About this exercise -> Reproduce the listing exactly and skip over any pictures.

Provided data ->
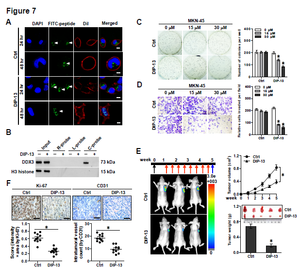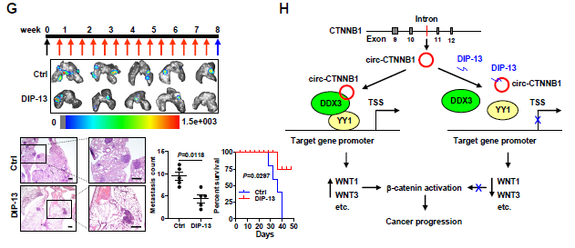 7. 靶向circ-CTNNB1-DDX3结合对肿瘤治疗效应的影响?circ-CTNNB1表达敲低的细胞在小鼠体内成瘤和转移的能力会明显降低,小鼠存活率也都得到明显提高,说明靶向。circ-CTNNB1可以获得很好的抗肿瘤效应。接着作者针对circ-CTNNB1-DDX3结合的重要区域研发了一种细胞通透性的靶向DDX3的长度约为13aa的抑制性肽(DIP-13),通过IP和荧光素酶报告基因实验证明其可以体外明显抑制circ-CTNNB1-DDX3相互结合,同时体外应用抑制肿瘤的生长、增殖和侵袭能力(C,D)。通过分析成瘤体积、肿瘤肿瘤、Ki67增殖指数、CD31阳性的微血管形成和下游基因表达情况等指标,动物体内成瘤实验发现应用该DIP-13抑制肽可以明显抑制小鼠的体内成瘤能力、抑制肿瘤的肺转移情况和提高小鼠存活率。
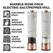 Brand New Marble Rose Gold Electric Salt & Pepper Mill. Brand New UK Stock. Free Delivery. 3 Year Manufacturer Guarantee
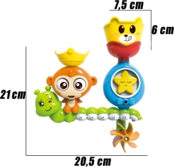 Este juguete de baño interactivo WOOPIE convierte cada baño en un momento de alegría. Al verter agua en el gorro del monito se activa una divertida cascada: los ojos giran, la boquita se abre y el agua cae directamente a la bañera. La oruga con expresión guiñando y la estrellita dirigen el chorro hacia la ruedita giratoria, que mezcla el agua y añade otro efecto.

Output of the exercise ->
 7. 靶向circ-CTNNB1-DDX3结合对肿瘤治疗效应的影响?circ-CTNNB1表达敲低的细胞在小鼠体内成瘤和转移的能力会明显降低,小鼠存活率也都得到明显提高,说明靶向。circ-CTNNB1可以获得很好的抗肿瘤效应。接着作者针对circ-CTNNB1-DDX3结合的重要区域研发了一种细胞通透性的靶向DDX3的长度约为13aa的抑制性肽(DIP-13),通过IP和荧光素酶报告基因实验证明其可以体外明显抑制circ-CTNNB1-DDX3相互结合,同时体外应用抑制肿瘤的生长、增殖和侵袭能力(C,D)。通过分析成瘤体积、肿瘤肿瘤、Ki67增殖指数、CD31阳性的微血管形成和下游基因表达情况等指标,动物体内成瘤实验发现应用该DIP-13抑制肽可以明显抑制小鼠的体内成瘤能力、抑制肿瘤的肺转移情况和提高小鼠存活率。
 Brand New Marble Rose Gold Electric Salt & Pepper Mill. Brand New UK Stock. Free Delivery. 3 Year Manufacturer Guarantee
 Este juguete de baño interactivo WOOPIE convierte cada baño en un momento de alegría. Al verter agua en el gorro del monito se activa una divertida cascada: los ojos giran, la boquita se abre y el agua cae directamente a la bañera. La oruga con expresión guiñando y la estrellita dirigen el chorro hacia la ruedita giratoria, que mezcla el agua y añade otro efecto.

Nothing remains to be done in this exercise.